I pulled her up, pinching her chin between my thumb and forefinger until she squealed in protest and slapped at me.

“That's better,” I said, and turned to Adrian. “Can you get her other side?”

We got Krishna to her feet, slung one of her arms around each of us and carried her downstairs. She cursed at Adrian, kicking at him ineffectually until abruptly she went limp and became a hundred pounds of dead weight. I couldn't tell if this was out of spite—she was still breathing—or if she'd passed out once more. I began to wish she'd remained unconscious, or that Adrian had just called an ambulance.

At last we got outside. I'd feared the cold and snow might conspire to wake Krishna from her stupor. Instead she moaned and sank to the ground, talking incomprehensibly to herself. It was impossible to move her—when we tried, she gave a garbled shriek and attempted to claw at Adrian's face.

“Fucking
bastard.

Frowning, I glanced at Adrian. What the hell had he done to piss her off? He looked around in despair. People were watching us; pretty soon we'd draw a crowd. I saw the two cops at the end of the block gaze in our direction, and turned back to Krishna.

“Come on, Krish,” I urged. “You're gonna fucking freeze to death.”

I peeled off Bruno's heavy overcoat and draped it across her shoulders so the leather hood shielded her face. There was nothing to be done about the rest of her attire—a man's pinstriped suit jacket draped over a floppy red sweater and a short plaid skirt, and chunky Doc Martens with no socks. Her bare white legs were goosepimpled with cold. I hugged her tight, hoping that any onlookers would mistake our clinch for passion and not desperation.

“Remember me? ‘Be My Baby'?”

Krishna's eyelids fluttered. “Yah, maybe. Who're you?”

I zipped up my leather jacket and ran a hand across my cropped black hair. “Cass. We met at the Banshee a few nights ago. I got a haircut.”

“Cass.” She screwed up her eyes, staring at my cropped head. “I like it.”

“That's great.” I gave Adrian a nod, indicating he should move fast, then said, “Listen, Krish—I'm getting a cab, why don't you come with me?”

“Where we going?”

“I have no fucking clue,” I said, and she laughed.

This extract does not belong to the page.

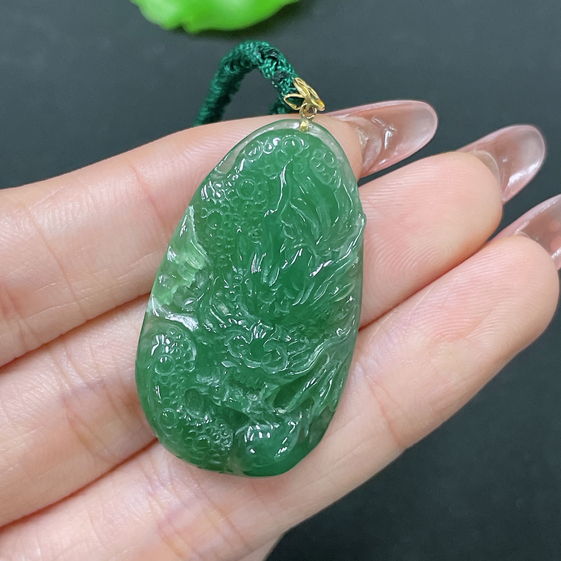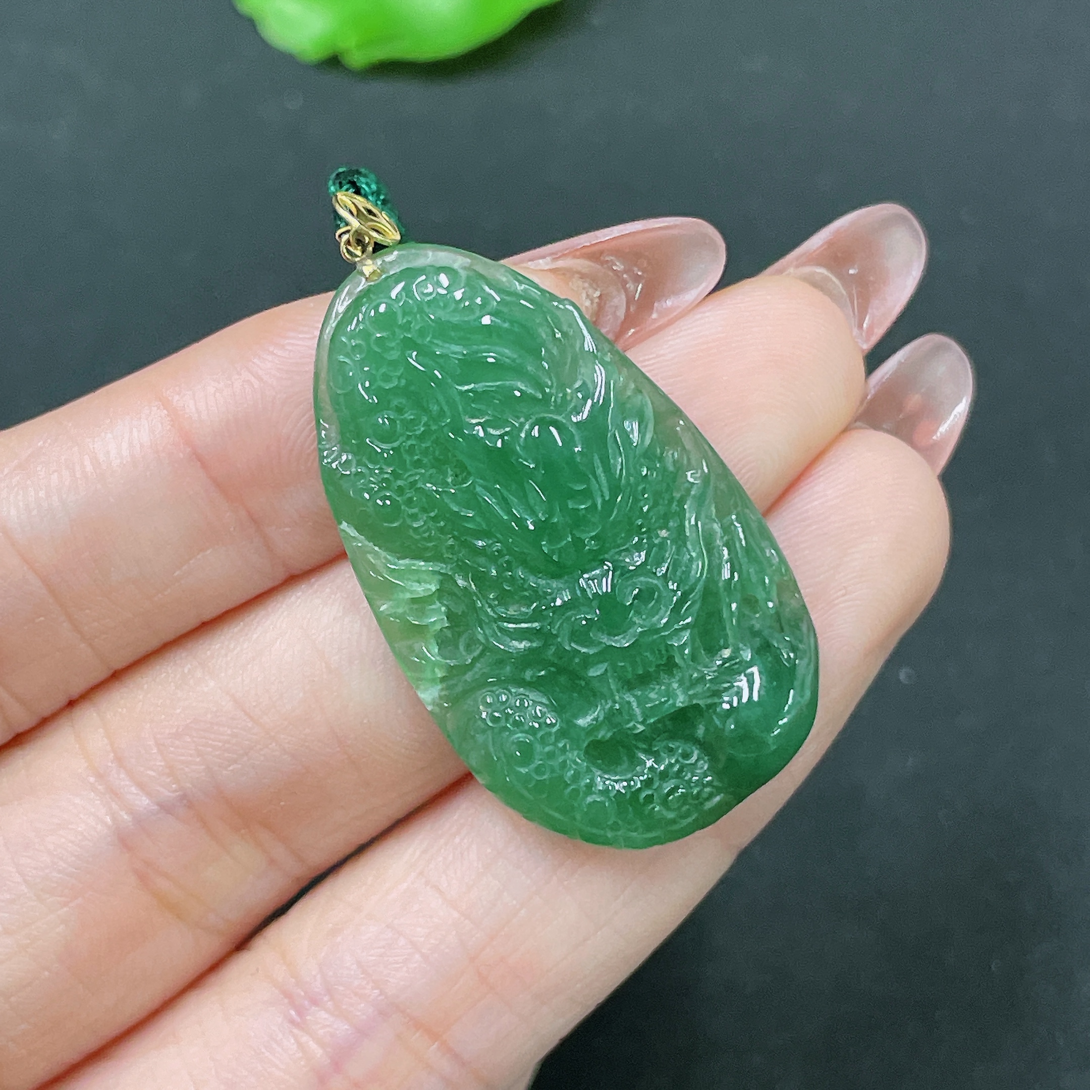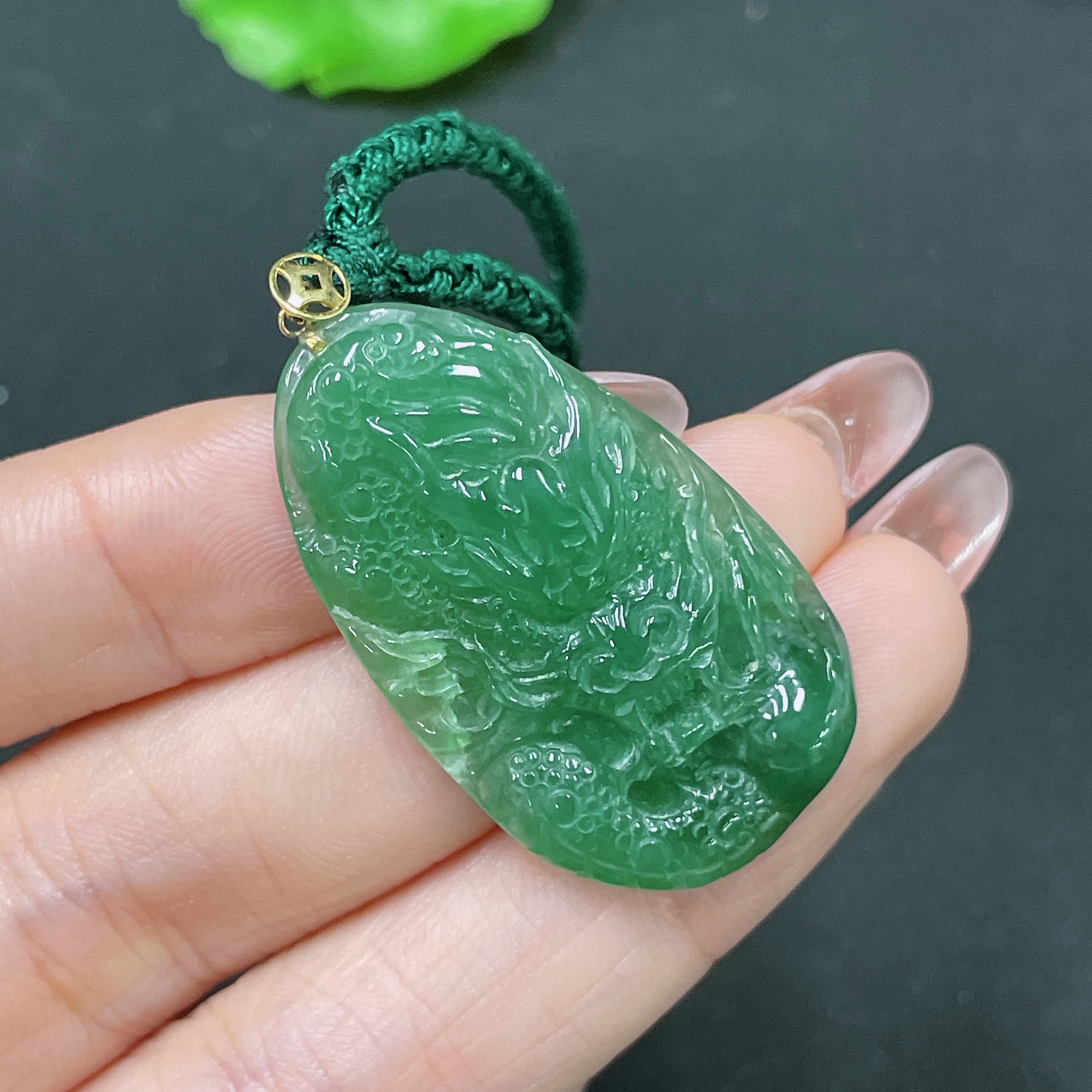 Jadeite Pendant Dragon Plaque No Hallmark 18k Gold Tested With Crack Total Weight Approx. 9.1g
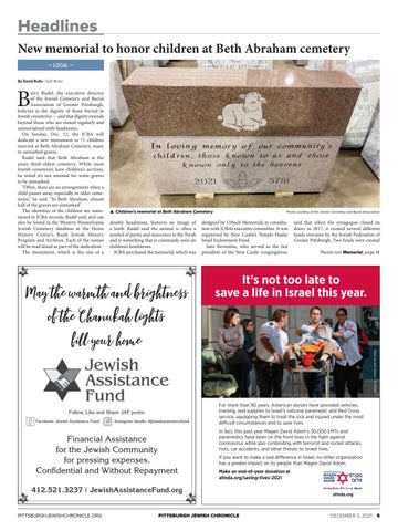 arry Rudel, the executive director of the Jewish Cemetery and Burial Association of Greater Pittsburgh, believes in the dignity of those buried in Jewish cemeteries — and that dignity extends beyond those who are visited regularly and memorialized with headstones. On Sunday, Dec. 12, the JCBA will dedicate a new monument to 71 children interred at Beth Abraham Cemetery, many in unmarked graves. Rudel said that Beth Abraham is the area’s third-oldest cemetery. While most Jewish cemeteries have children’s sections, he noted it’s not unusual for some graves to be unmarked. “Often, there are no arrangements when a child passes away, especially in older cemeteries,” he said. “In Beth Abraham, almost half of the graves are unmarked.” The identities of the children are maintained in JCBA records, Rudel said, and can also be found in the Western Pennsylvania Jewish Cemetery database at the Heinz History Center’s Rauh Jewish History Program and Archives. Each of the names will be read aloud as part of the dedication. The monument, which is the size of a

“Yah, sure.” She staggered to her feet, and I caught her before she could fall. “Less go.”

We managed to get her around the block and out of sight of the cops. “C'mon, Krish, straighten up,” I said impatiently, but it was hopeless. She was surprisingly strong for such a tiny person. Her head lolled onto her chest and she dragged both feet. When I glanced over my shoulder, I saw two ragged lines drawn in the snow, as though a tiny, drunken skier accompanied us.

“Hang on to her while I find a cab,” Adrian said at last, defeated. “Try to make her not look like a drug casualty.”

“Yeah, right,” I said.

Adrian stood beneath a streetlight and spoke into his mobile. He held up his hand and mouthed
Five minutes
. It took a little longer than that, but when a taxi at last pulled over, Adrian quickly opened the door. I slid inside, dragging Krishna after me, and Adrian hopped in last.